Quando eu cheguei no Havaí no final da tarde, ainda do telefone público da esteira esperando as malas, eu peguei esses telefones e liguei. No 1º ninguém atendeu, no 2º me atendeu um cara chamado Biro, eu nunca vou me esquecer dele e nunca mais o encontrei. Ele foi super cordial e falou ‘Cara, eu sei sim onde ele está, a gente saiu pra surfar junto hoje no mesmo grupo’. Perguntei se podia ligar quando chegasse no hotel, ele falou ‘claro’. E obviamente eu estava em Honolulu, e o Guga em North Shore, o lugar da ilha onde os surfistas vão.
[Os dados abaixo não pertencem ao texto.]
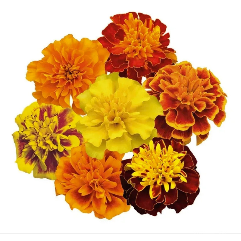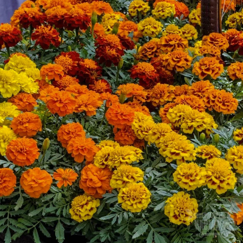 Чорнобривці розлогі Супер герой суміш (Tagetes patula Super Herо Mix) – однорічна рослина висотою 15-20 см.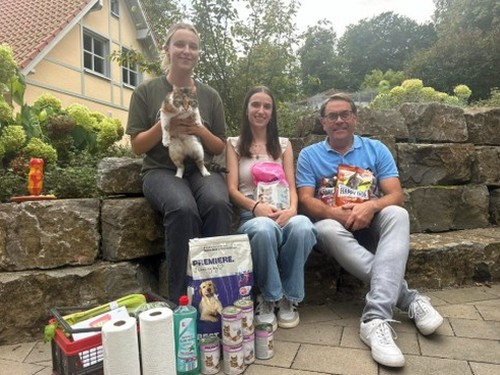 Drei Auszubildende der Diakonis-Pflegeschule Lage besuchten uns im Tierheim und hatten Futter für unsere Katzen im Gepäck.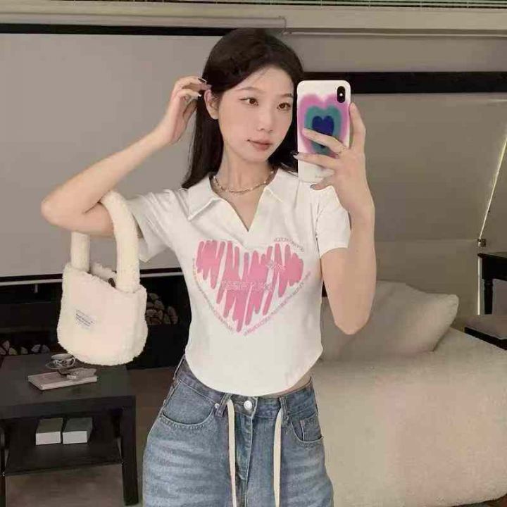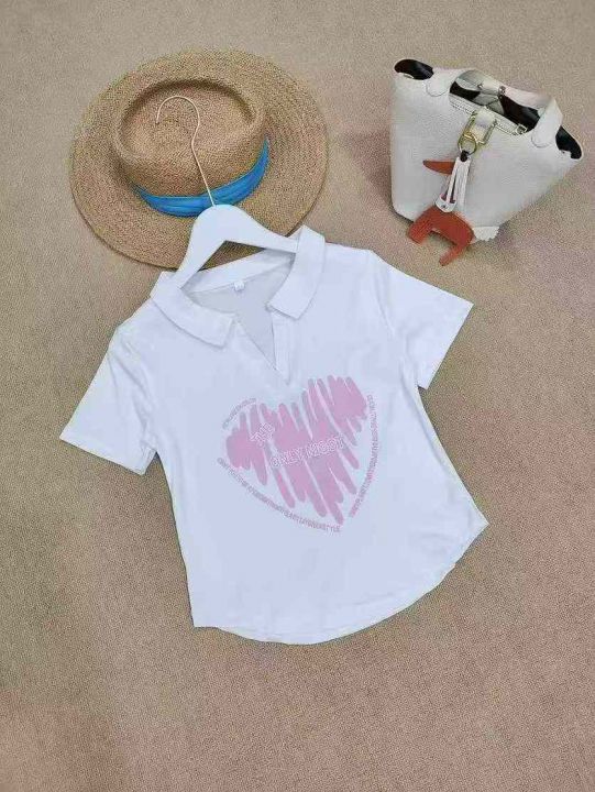 [月亮]:5.5清464件[月亮]:Polo领正肩深V辣妹短袖T恤...
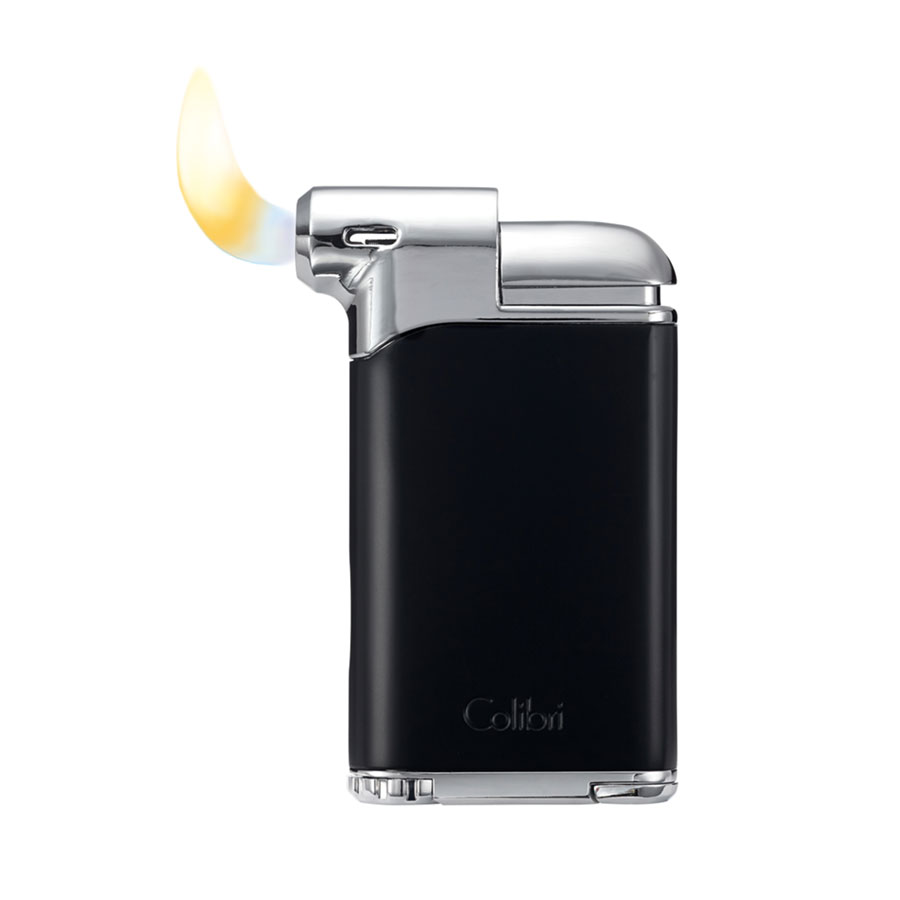 Klassisches Pfeifenfeuerzeug mit seitlich austretender Normalflamme, integriertem Pfeifenstopfer und Piezozündung.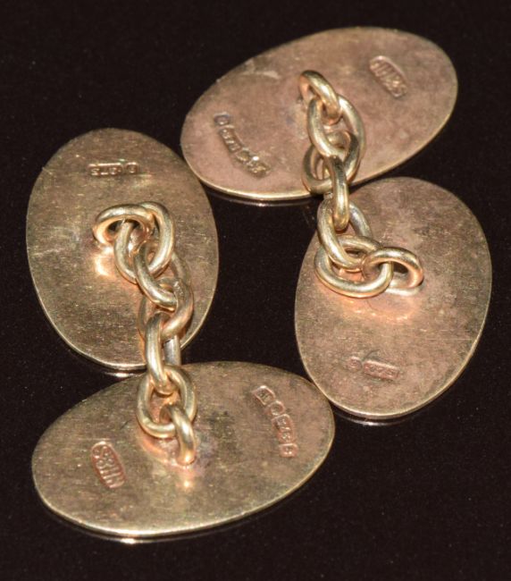 A pair of 9ct gold cufflinks with engraved decoration, 4.9g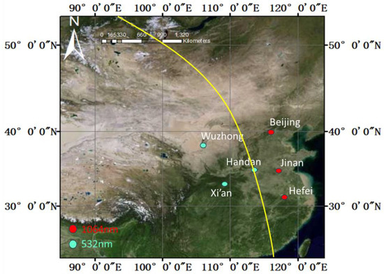 The ground-based aerosol Lidar network consists of six aerosol Lidars. Figure 1 displays the distribution of these six Lidar sites and the CALIPSO transit trajectory (the yellow line), among which Beijing, Jinan, and Hefei deploy independently developed portable infrared Lidars (mIRLidar) [46]. The Lidar system comprises an Nd:YAG laser, receiving optics and subsequent optical units, signal detection unit, hardware control and data processing software. The laser emits at a wavelength of 1064 nm with a spatial resolution of 7.5 m and a temporal resolution of 20 s. The detector uses a sensitive-to-visible Si-APD and near-infrared bands with a bandwidth of 200 MHz. The Lidar system boasts compact dimensions of 200 × 200 × 420 mm, demonstrating robust capabilities for extended outdoor operation. Its lightweight design, weighing a mere 13.5 kg, ensures ease of maintenance and installation. This Lidar system can transmit collected data and equipment status to a cloud server in real-time, where data quality control, the extinction coefficient and depolarization ratio are shown. Additionally, it can be connected to smartphones, computers, and other smart devices for remote control. Wuzhong, Xi’an, and Handan are equipped with three micro-pulse Lidars [47] emitting green light at a wavelength of 532 nm, featuring a polarization channel, spatial resolution of 7.5 m, and a temporal resolution of 1 min. The relevant parameters of the two types of Lidars are shown in Table 1.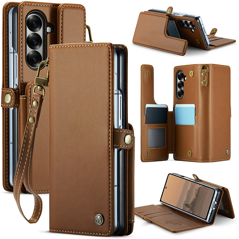 Handy Hülle Handyhüllen Für Samsung Galaxy Z Fold 7 Z Fold 6 Z Fold 5 Z Fold 4 Z Fold 3 Brieftaschenhülle Mit Handgelenkschlaufe Ringverschluss Stoßfest PC PU-Leder

Cheguei no hotel junto com o cinegrafista Marcelo D'Sants e liguei pro Biro de novo e ele tentou me explicar onde era a casa onde o Guga estava hospedado. Só que ele falou ‘Você está a mais ou menos 3h daqui, você vai ter que fazer uma viagem, já está de noite, as coisas aqui não são tão bem sinalizadas, você corre o risco de se perder’. Eram 20h, 20h30, conversei com o Marcelo e falei ‘A gente tem pouco tempo aqui’. A gente tinha 2 dias no máximo pra encontrar o Guga e voltar pra São Paulo numa viagem longa a tempo de colocar o material no ar no fim de semana. Não dava pra perder tempo. Falei ‘Vamos agora pra pelo menos aprender o caminho’.
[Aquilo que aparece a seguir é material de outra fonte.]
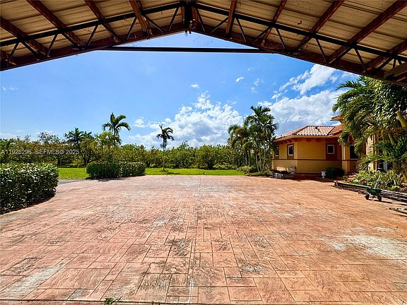Welcome to Serenity Grove located in the highly sought-after Redlands agricultural area of Miami-Dade County, offering the perfect blend of serene country living & income-producing potential. This beautiful one-story ranch-style home sits on a thriving avocado grove and is enhanced by an array of tropical fruit trees, including guava, lychee, longan, mango, Jamaican cherry, and more, making it an ideal retreat for those seeking space, privacy, & agricultural income. The home features a desirable split floor plan with soaring 15-foot ceilings, elegant marble & wood flooring, & impact-resistant windows and doors for added safety & efficiency. With two separate air conditioners & two heaters, the home ensures year-round comfort. Its inviting charm & spacious design make it perfect for both everyday living & entertaining. A large 4-car carport provides abundant covered parking, complemented by an adjacent storage shed for tools & equipment. At the rear of the property sits a 1,200 sq ft galvanized steel workshop with 15 foot ceilings complete with a bathroom, second-floor loft, and two additional rooms. Previously used for storage, this structure can easily be converted into a guest house, office, studio, amazon warehouse, E-commerce center, car enthusiast or extra wellness space—offering tremendous flexibility and value. Serenity Grove combines agricultural income, peaceful living, and investment potential in one exceptional offering. This is country living at its best!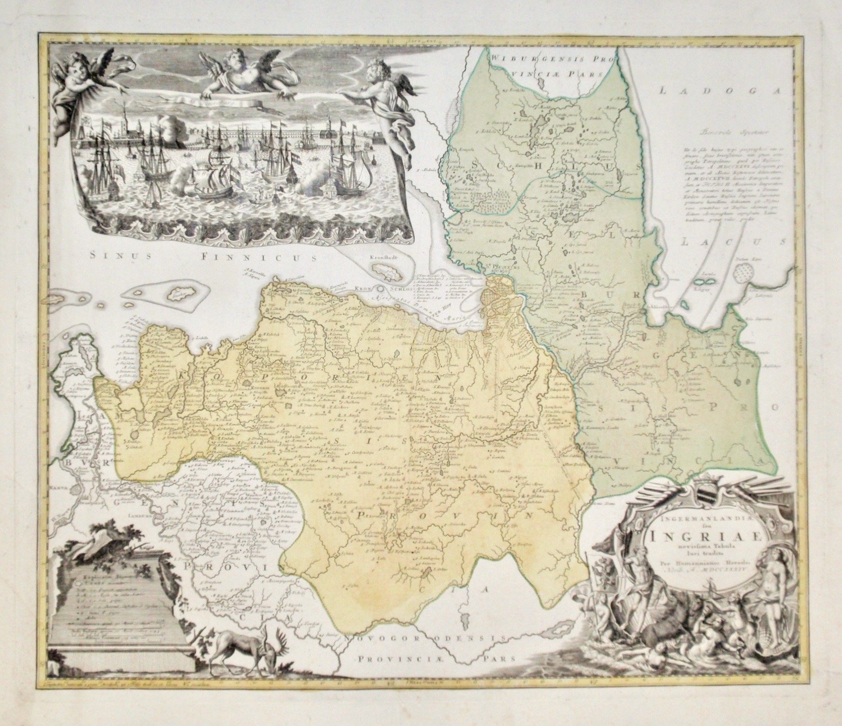 Incisione in rame, mm 470x555, dipinta d'epoca. Interessante carta geografica, molto detagliata con due bei cartigli in basso e la veduta, mm 150x250 in alto a sinistra della città S. Pietroburgo raffigurante il fiume Neva. La dicitura "Eredi Homann" distingue l'attività tipografica intrapresa dai figli e generi di J.B. Homann, nato a Norimberga nel 1663. Questi, dopo l'apprendistato presso D. Funk e G. Sandrart, nel 1702 iniziò una propria produzione cartografica, raggiungendo ben presto un notevole successo per l'eleganza e la modernità, ben amalgamando aspetto scientifico e decorativo. Nel 1707 pubblicò il primo atlante, arricchendolo rapidamente fino a superare il centinaio di carte con il 'Grosser Atlas" di 126 carte. Morì nel 1723.<BR>Bell'esemplare, ottimo stato di conservazione. <BR>

Ainda não tinha GPS no carro nessa época e no mapa, sem muitos problemas, a gente chegou no North Shore. Eu tinha anotado a explicação do Biro de como era a casa com referências. E chegamos num posto de gasolina que ele tinha me dito que existia ali. Cheguei lá e falei ‘Agora é melhor ligar de novo pra ter certeza de como faz pra chegar’. E ligo pra casa onde o Guga estava. Toca o telefone, atende uma pessoa e era o mesmo Biro. Aí ele dá risada e falou que tinha ido ali comer um sanduíche, aí eu percebi que eles estavam todos juntos.

Aí cheguei até a casa onde o Guga estava, pedi pra chamá-lo, ele saiu na varanda, me cumprimentou, a gente conversou um pouco, eu expliquei o que tinha acontecido e falei: ‘O meu compromisso é te perguntar só uma vez se você topa. Se você não topar, eu vou embora e não tem problema algum’. Ele falou: ‘Não tem problema, você só vai ter que me achar amanhã, a gente ainda não sabe onde vai surfar porque depende de previsão do tempo. Se quiser vir pra cá 6h, a gente vê’.

Voltei pra Honolulu, mais umas 3h de viagem, acordei por volta de umas 4h e voltamos pro North Shore no dia seguinte. E encontramos o Guga na praia e ali foi feita a entrevista, aquele encontro que aparece na matéria. Pedi licença pra uma senhora, ela cedeu a mureta pra gente fazer a entrevista. Eu devo a entrevista ao Biro.